Zientzilaria

Covering the bioinformatics niche and much more

A Script to Simulate DNA Sequence Sets

| Comments

In Beginning Perl for Bioinformatics the chapter that covers simulated mutations on a DNA sequence is quite verbose and the code examples employ some subroutines to do what we have done on the last post. Basically the code example that generates a random DNA sequence is the last one on the chapter, but it was the first one we covered. Also this code example has a twist that our code from the last post does not have, which is it allows you to generate a set of sequences with different length instead of one sequence with fixed length that our script does. So, the script that generates a user defined simulated DNA sequence set is

1
2
3
4
5
6
7
8
9
10
11
12
13
14
15
16
17
18
19
20
21
22
23
24

#!/usr/bin/env python

import random
import sys

def simulate_sequence(length):
    dna = ['A', 'C', 'G', 'T']
    sequence = ''
    for i in range(length):
        sequence += random.choice(dna)
    return sequence

setsize = int(sys.argv[1])
minlength = int(sys.argv[2])
maxlength = int(sys.argv[3])

sequenceset = []
for i in range(setsize):
    rlength = random.randint(minlength, maxlength)
    sequenceset.append(simulate_sequence(rlength))

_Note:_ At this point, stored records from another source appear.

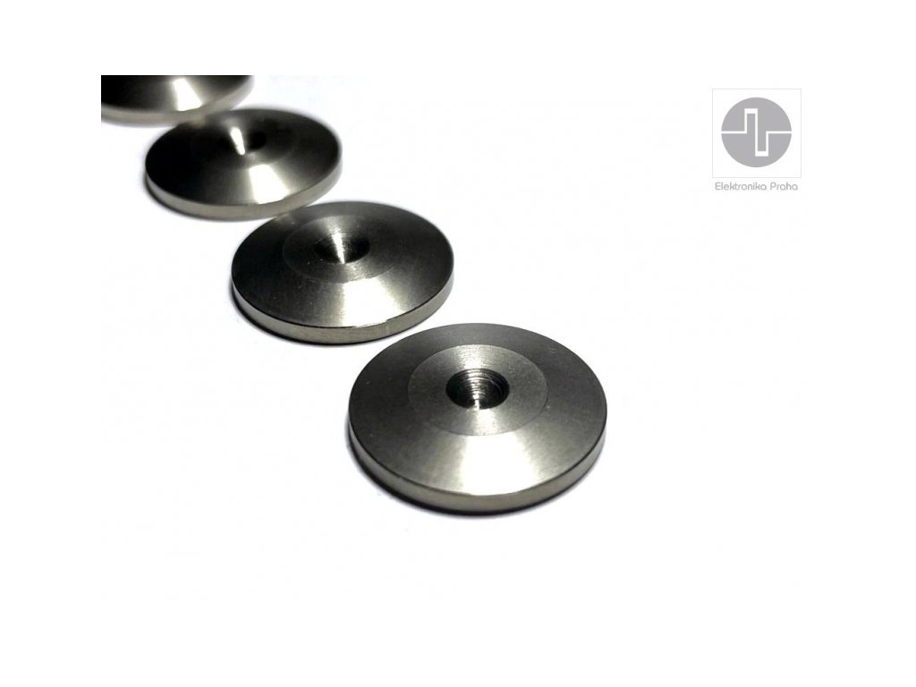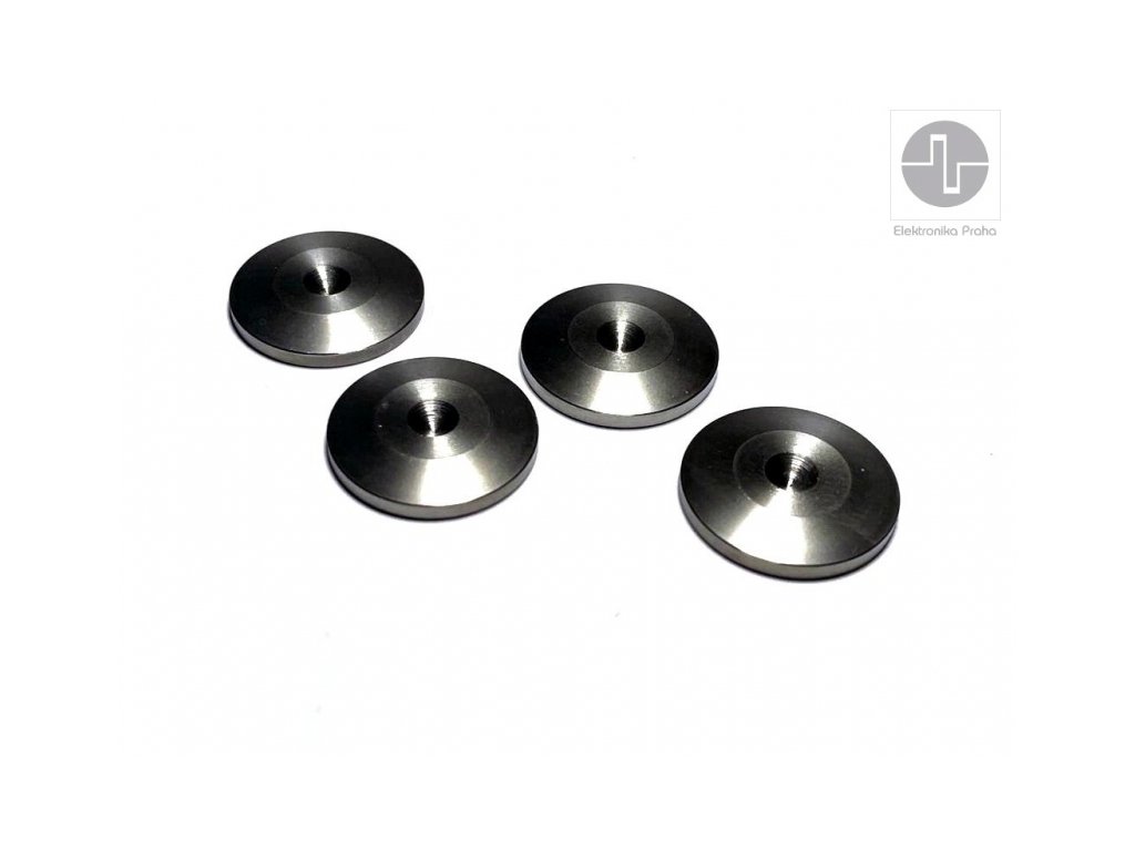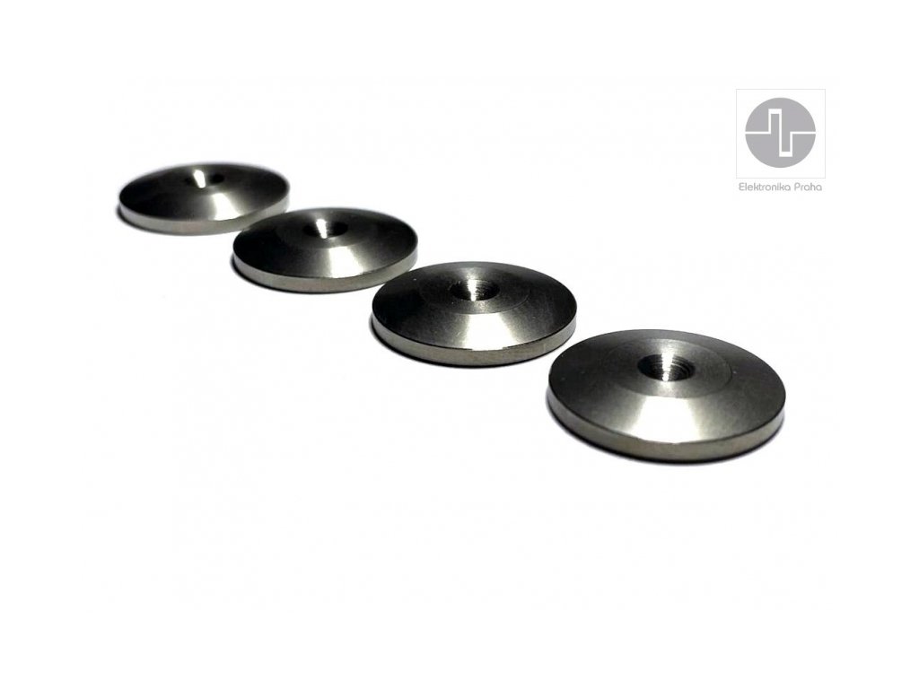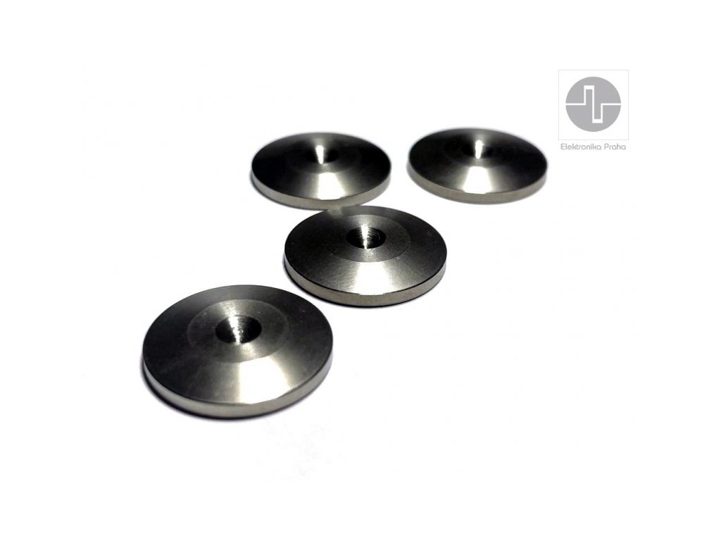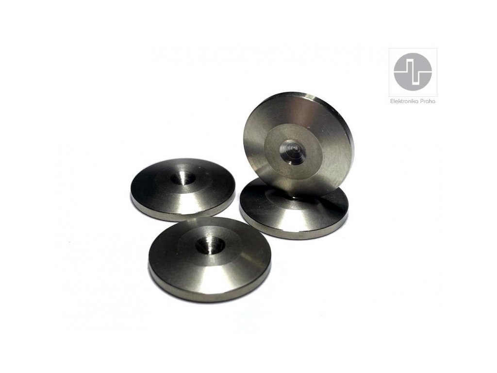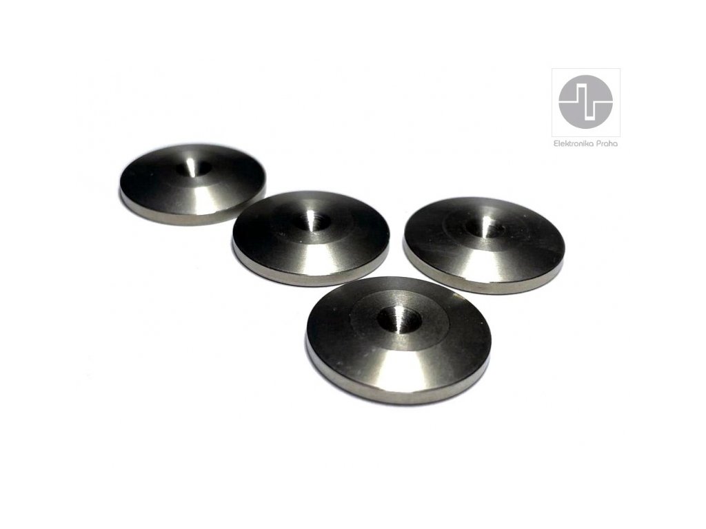 Značka Elektronika Praha je s vámi od roku 1969 a po celou dobu ji reprezentuje typické, elegantní i nadčasové logo, které vzniklo díky kreativitě původního člena hospodářského sdružení, jenž upravil na osciloskopu vykreslený průběh nejrychlejšího signálu do vyobrazené podoby evokující zároveň mechanickou kliku. Logo tak nese informaci, že jde o elektronické produkty vyráběné s vysokým podílem ruční práce. Díky tomu lze říci: máte kliku, že při tvorbě produktů aplikujme typickou českou chytrost a šikovnost, již 55 let máte kliku, že většinu produktů vyrábíme v EU máte kliku, že produkty poskytují mimořádný poměr užitné hodnoty k ceně, možná ten nejlepší na trhu Universální podložky pod odhmotňovací hroty reprosoustav a audio komponentů / 20mm / chirurgická ocel / Solid Steel Universální podložky pod odhmotňovací hroty reprosoustav a audio komponentů / 20mm / chirurgická ocel: CD přehrávače, gramofony, zesilovače, reprosoustavy ... Průměr: 20mm Výška: 3.5mm Kvalitní zpracování - chirurgická ocel * Kvalitní a přesné CNC zpracování Sada obsahuje 4 kusy Made in EU * Chirurgická ocel: Chirurgická ocel je velmi odolný a tvrdý materiál. Je to také hypoalergenní kov, nevyvolává tudíž žádné alergické reakce a neuvolňuje žádné niklové soli. Velikou předností chirurgické oceli je, že neoxiduje, má proto stálou barevnost a na povrchu se tak netvoří nežádoucí skvrny. Odolá vlivům mořské vody a slunce. Nikdy a za žádných okolnostech neztrácí svůj původní vzhled. Chirurgická ocel je díky svým vlastnostem odolná vůči poškrábání a poškození a udržuje si svůj lesk.Doplňkové parametry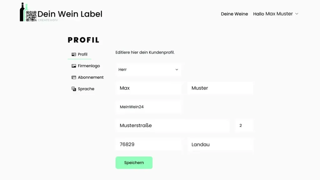 - Registrieren Sie sich unter https://controlpanel.dein-wein-label.de/register.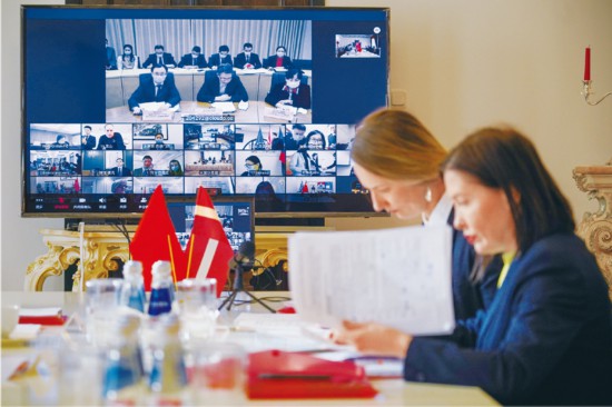 2020年3月13日,中國同中東歐17國舉行新冠肺炎疫情防控專家視頻會議,分享和交流疫情防控經驗及信息。這是中國秉承人類命運共同體理念,為全球公共衛生安全事業作貢獻的重要舉措。圖為在拉脫維亞首都里加,拉脫維亞衛生專家在中國駐拉使館參加視頻會議。 新華社發 亞尼斯/攝
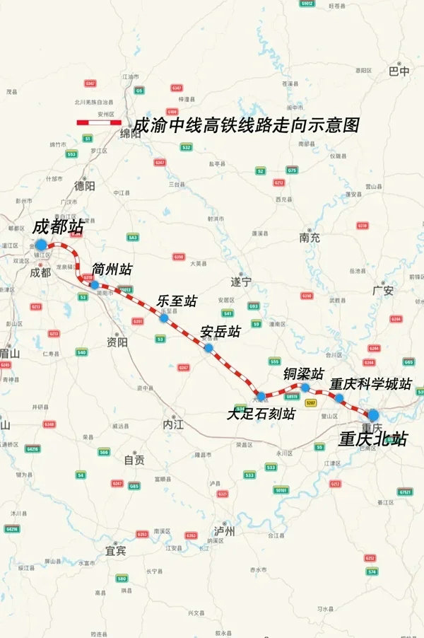 成渝中线高铁线路走向(图片来源:中国铁路微信公众号)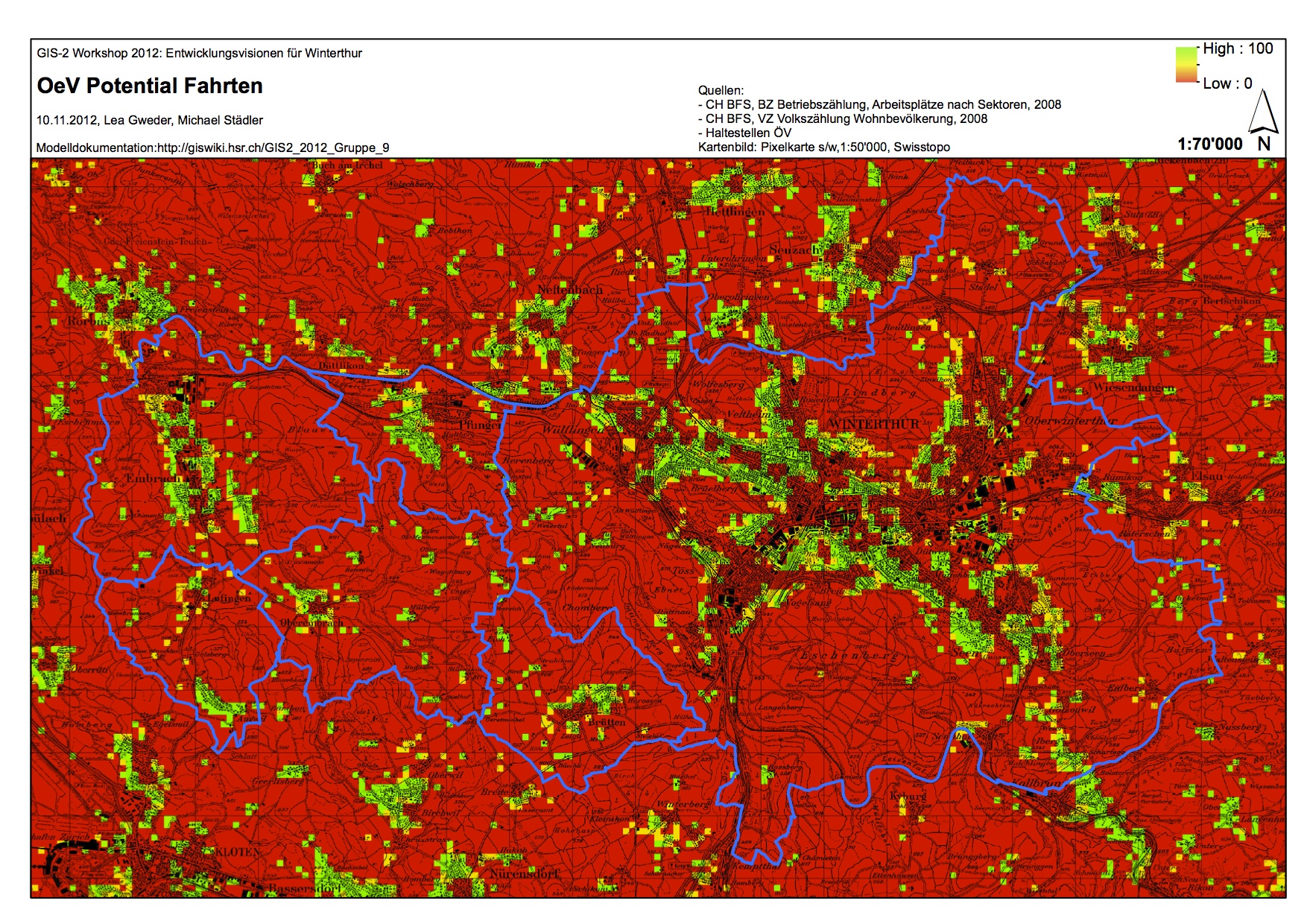 • Es müssten noch weitere Faktoren wie Linienführung OeV. Attraktoren und Publikumsintensive Anlagen etc. einflissen, respektive die bereits voillständig erschlossenen Gebiete mit einem Absolutwert (z.B. 100) versetzt werden, um eine gewichtige Aussage über das wirkliche Potential zu machen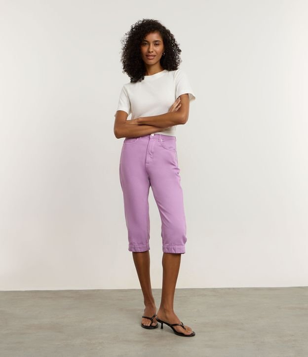 • Calça Capri em Sarja com Cintura Média e Fenda Lateral Roxo 1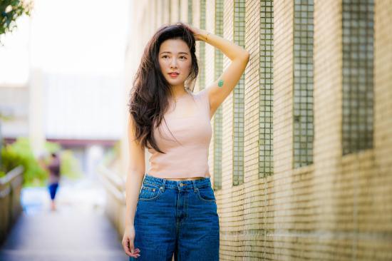 Обои Молодая азиатка с длинными волосами в синих джинсах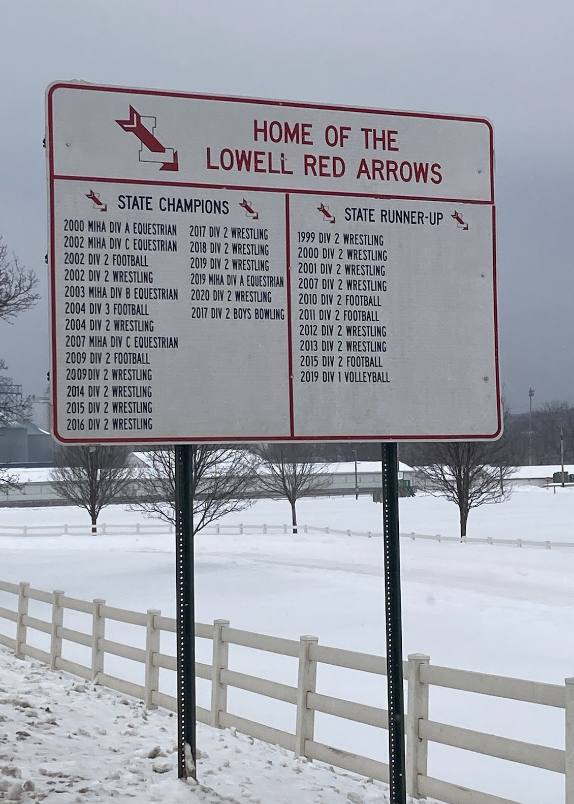 A lot of championships, including 7 state wrestling championships in a row (actually 8 but we took this picture in March before the 2021 finals.) I also like how it has lots of room for additions.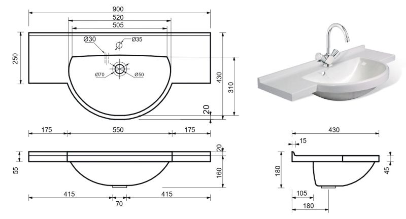 Раковина со стандартным дизайном, благодаря горизонтальной столешнице, значительно повышает свою функциональность и вносит в дизайн любой ванной комнаты атмосферу уюта и тепла.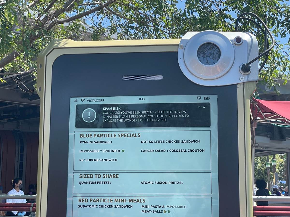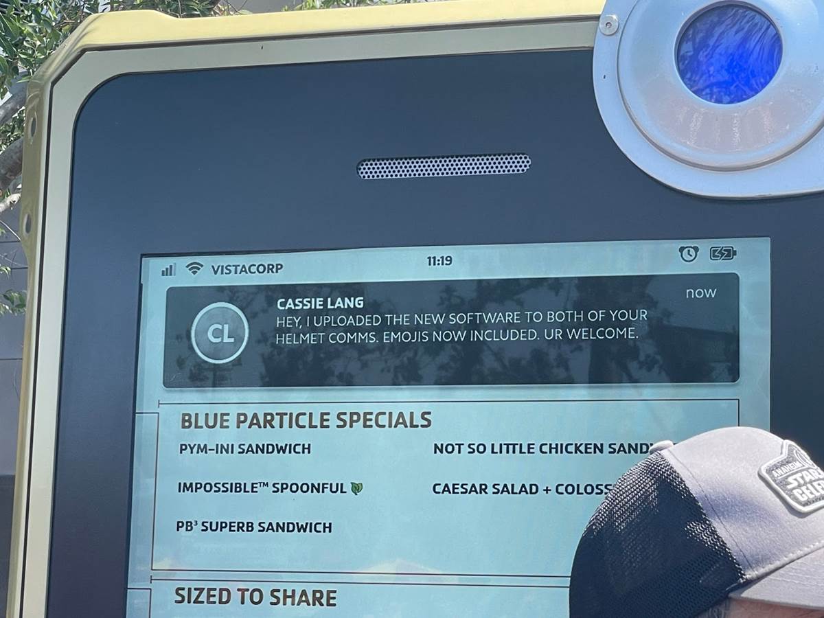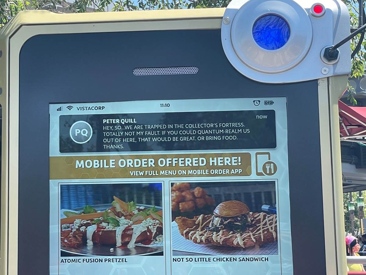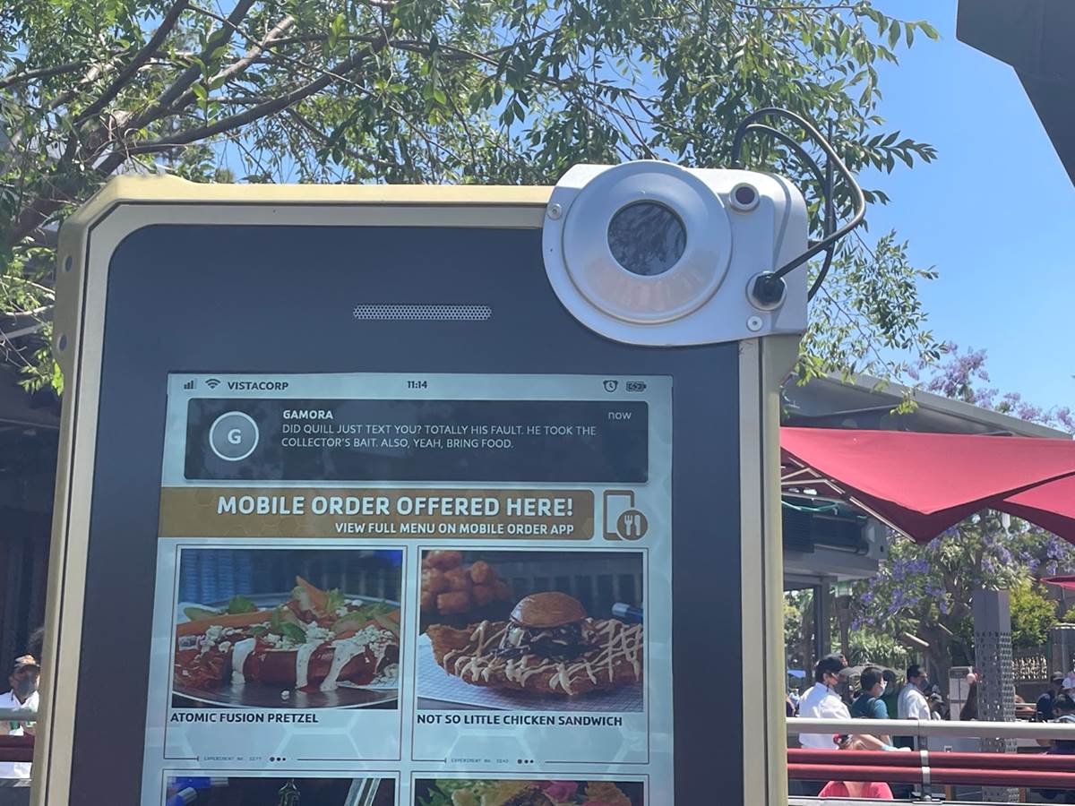 Near Pym Test Kitchen and the Pym Tasting Lab, you’ll see a digital menu board showing you all the offerings available via a giant smartphone, but you’ll also notice that smartphone receiving some notifications from Marvel characters.

for sequence in sequenceset:
    print sequence

Simple and efficient. First we define a function that generates a simulated DNA sequence from the four nucleotides, again using the random.choice. The sequence length is based on the parameter received by the function. The sequence length is another random number defined in the main body of the script. This random number is generated by random.randint with a range based on the arguments given by the user when running the script. And finally, the number of sequences to be simulated is define by the first parameter. Seventeen lines. Next we will see how to draw some scientific information about the sequences, such as sequence identity and nucleotide frequency.